*Exercise prompt*
Skip every picture, then write out exactly the lines of the listing below from the line that contains "Hra barev a" through the final line.

*Dataset section*
*** Begin section ***
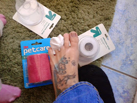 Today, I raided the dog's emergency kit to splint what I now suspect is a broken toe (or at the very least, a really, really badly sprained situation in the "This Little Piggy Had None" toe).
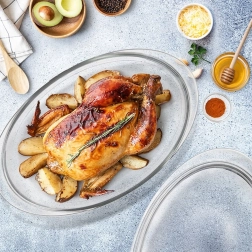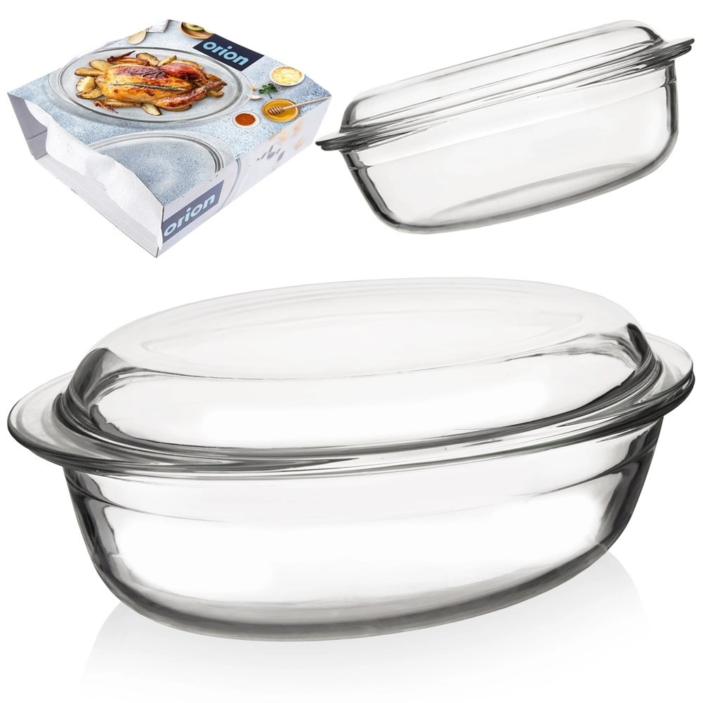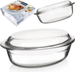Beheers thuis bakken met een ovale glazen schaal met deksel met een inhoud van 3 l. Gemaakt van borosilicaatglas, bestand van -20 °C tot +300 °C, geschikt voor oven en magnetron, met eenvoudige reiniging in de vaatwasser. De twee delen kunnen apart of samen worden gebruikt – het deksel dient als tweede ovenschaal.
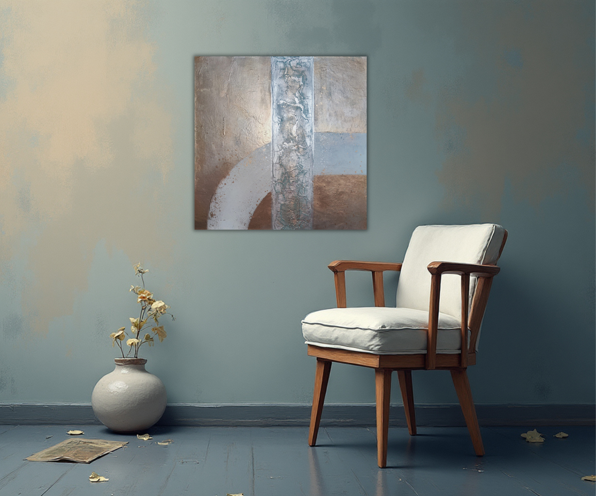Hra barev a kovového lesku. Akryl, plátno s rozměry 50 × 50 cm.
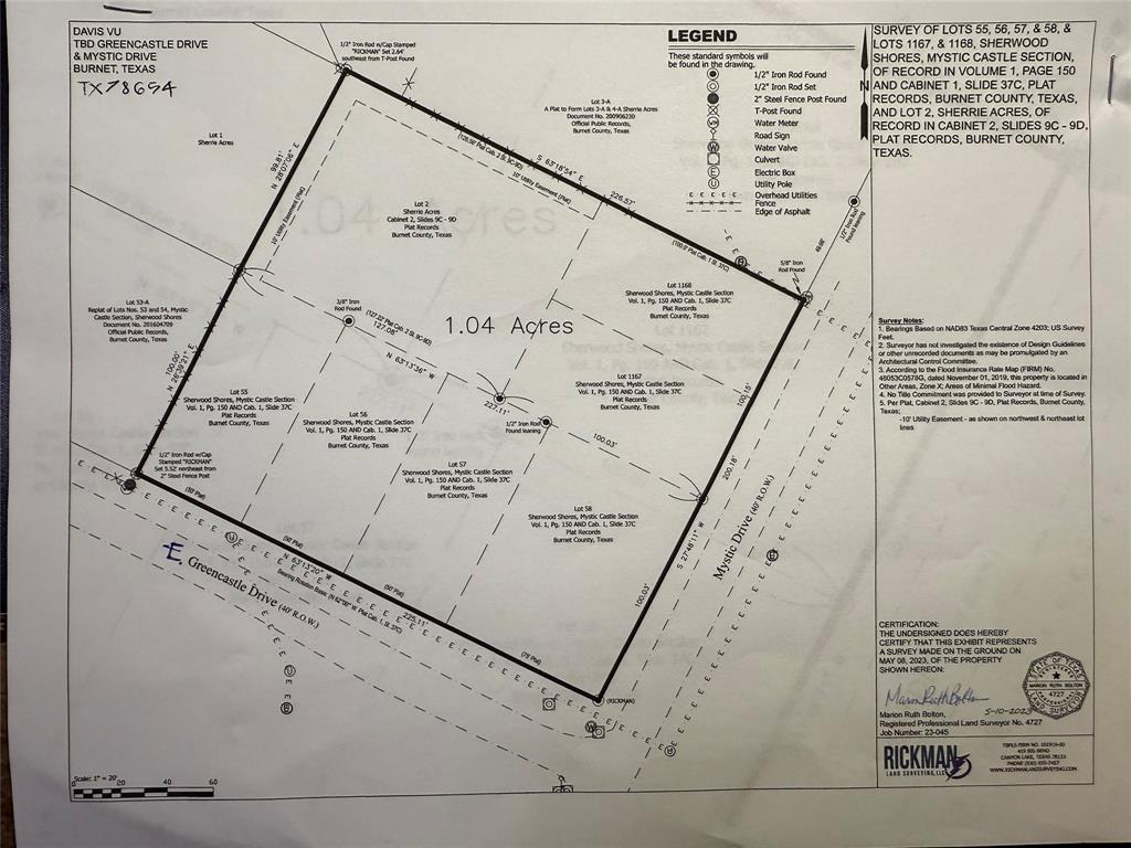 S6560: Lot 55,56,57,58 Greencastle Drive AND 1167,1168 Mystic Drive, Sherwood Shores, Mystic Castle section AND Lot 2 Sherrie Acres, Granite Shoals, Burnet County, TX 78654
*** End section ***
*Response to this exercise*
Hra barev a kovového lesku. Akryl, plátno s rozměry 50 × 50 cm.
 S6560: Lot 55,56,57,58 Greencastle Drive AND 1167,1168 Mystic Drive, Sherwood Shores, Mystic Castle section AND Lot 2 Sherrie Acres, Granite Shoals, Burnet County, TX 78654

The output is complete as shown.